Single Cell Dynamic Boolean Network Modeling of T Cell Development Predicts Heterogeneous Transcriptional Trajectories

Langley, Matthew 1, 2 ;  Shukla, Shreya 1, 2 ;  Yachie-Kinoshita, Ayako 1, 2, 3 ;  Zandstra, Peter W. 1, 2, 4

1. Institute of Biomaterials and Biomedical Engineering, University of Toronto; 2. Donnelly Centre for Cellular and Biomolecular Research, University of Toronto; 3. Systems Biology Institute, Tokyo, Japan; 4. Medicine By Design, A Canada First Research Excellence Program at the University of Toronto

The T cell development program drives hematopoietic progenitors toward T lineage commitment using dense networks of genes and proteins that respond to environmental signals.

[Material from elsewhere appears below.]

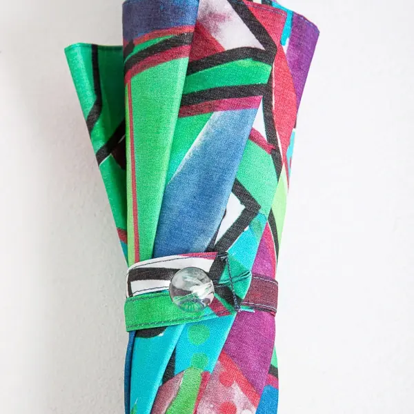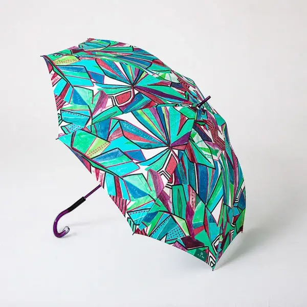 イタリア北部の繊維産地コモのテキスタイルメーカーSILKOMO社の生地を使用した晴雨兼用傘です。イタリアの自然や街並みを思わせるハリ感のあるジオメトリックプリントを、日本で丁寧に傘に仕上げました。持ち手には、軽くて透明感のあるクロアチア製のハンドルを使用。差すだけでモードなスタイルに。

Although existing static models of these networks identify the major players and their pairwise interactions, they provide limited explanatory insight into the multi-stage dynamics of T cell specification. In this study, we use a computational approach based on Boolean networks (BNs) to simulate aspects of the T cell development program in silico and explore the dynamic response of progenitor cells under normal and perturbed conditions. A BN representation of the regulation of each gene in the network using AND/OR logic was constructed from microarray data and previous literature. By using asynchronous updates to simulate this BN, we mapped the transcriptional state space that developing T cells can traverse under various combinations of environmental inputs (such as Notch and IL-7 signaling). This state space is consistent with single cell qRT-PCR observations, and steady states within the space resemble known stages of T cell development. Notably, the BN model suggests the T cell development program permits multiple independent transcriptional trajectories toward T lineage commitment that involve different transient cell states. Furthermore, our analysis identifies genetic perturbations (ex. Bcl11b-/-) that may select for particular developmental trajectories or arrest development at specific stages. BN modeling presents a powerful advance over previous static models for exploring routes through the transcriptional space involved in T cell development and suggests new opportunities for improved in vitro T cell differentiation protocols.